LIZ TRUSS’S extraordinary statement that austerity hasn’t affected the most vulnerable women in society shows just how out of touch the modern Tory Party has become.

If it were just Truss, she could maybe be dismissed as one heartless individual with no connection to the rest of society. But it’s not.

They’re all at it. As Jeremy Corbyn stated in one of his first PMQs as Labour leader, the Tories are nothing less than poverty-deniers.

We have Theresa May declaring (not for the first time) that austerity is over, while other members of her party are still arguing that it’s good for us.

For example, Norwich North MP Chloe Smith, with a majority of less than 600, telling a classroom full of children on a recent visit to a secondary school in her constituency that austerity had been good for everyone and that there had been no cuts to education funding.

This, like so many other Tory lies, bears no relationship to the reality. While spending may have gone up in cash terms, it has not kept pace with inflation nor the significant rise in pupil numbers, leading to a massive real-terms cut.

And if the Tories don’t believe us, they should ask the 2,000 head teachers who took part in an unprecedented march to demand the funds to keep their schools going, or the children who are missing out on a fifth of their education because their schools have had to move to a four-day week to balance the books.

This, like the huge rise in child poverty, should be a national scandal. The number of children living in poverty has risen for the third year in a row, now standing at almost a third of all children.

But in Tory Britain, this is regarded as a success — balancing the books on the backs of the poor. And May tells us austerity is over.

So the question we want to ask is what is the Tories’ problem with reality? Why do they refuse to recognise the facts of the world around them? Why do they refuse to acknowledge the crisis they have created? It is almost as if they live in a different world from the rest of us.

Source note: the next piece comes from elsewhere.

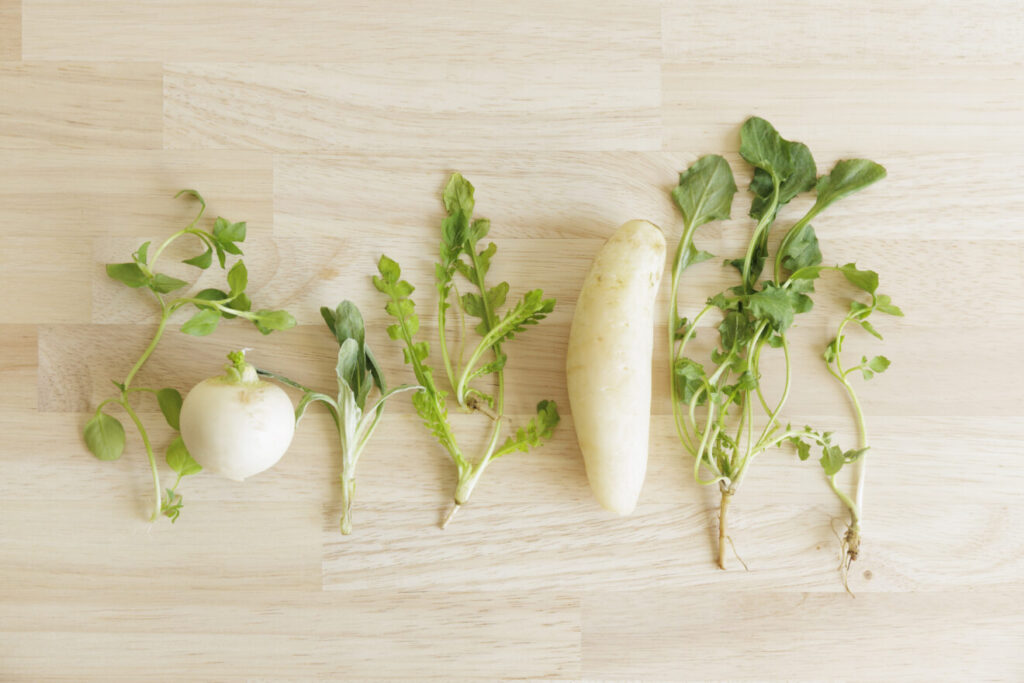 アブラナ科の野菜、ダイコンの別名です。すずなと同じく消化酵素やビタミンCが豊富で、胃に優しい野菜の代表格。葉の鉄分は野菜の中でもトップクラス。葉も根も食べてくださいね。

Which of course they do. While the people of this country have suffered the effects of the austerity they have forced upon us, the richest 1 per cent globally, in whose interests the Tories operate, are on track to own two-thirds of all wealth by 2030. It’s no wonder they think austerity is over. They’re laughing all the way to the bank.

But they won’t be able to sell the lie to the rest of us any longer. With a real challenge to the neoliberal politics of austerity from Corbyn’s government-in-waiting, the people of this country are starting to ask questions.

If austerity is over, when will Damian Hinds be announcing that proposed cuts to school budgets have been shelved and the funding lost over the past eight years will be restored?

When will they be announcing the long-awaited and much-needed sustainable funding plans for our NHS? And when will workers across our economy be receiving a real pay rise?

Until then, people will see Tory lies for what what they are — Tory lies. And we will continue to fight for a government that meets the aspirations of the many, not the few.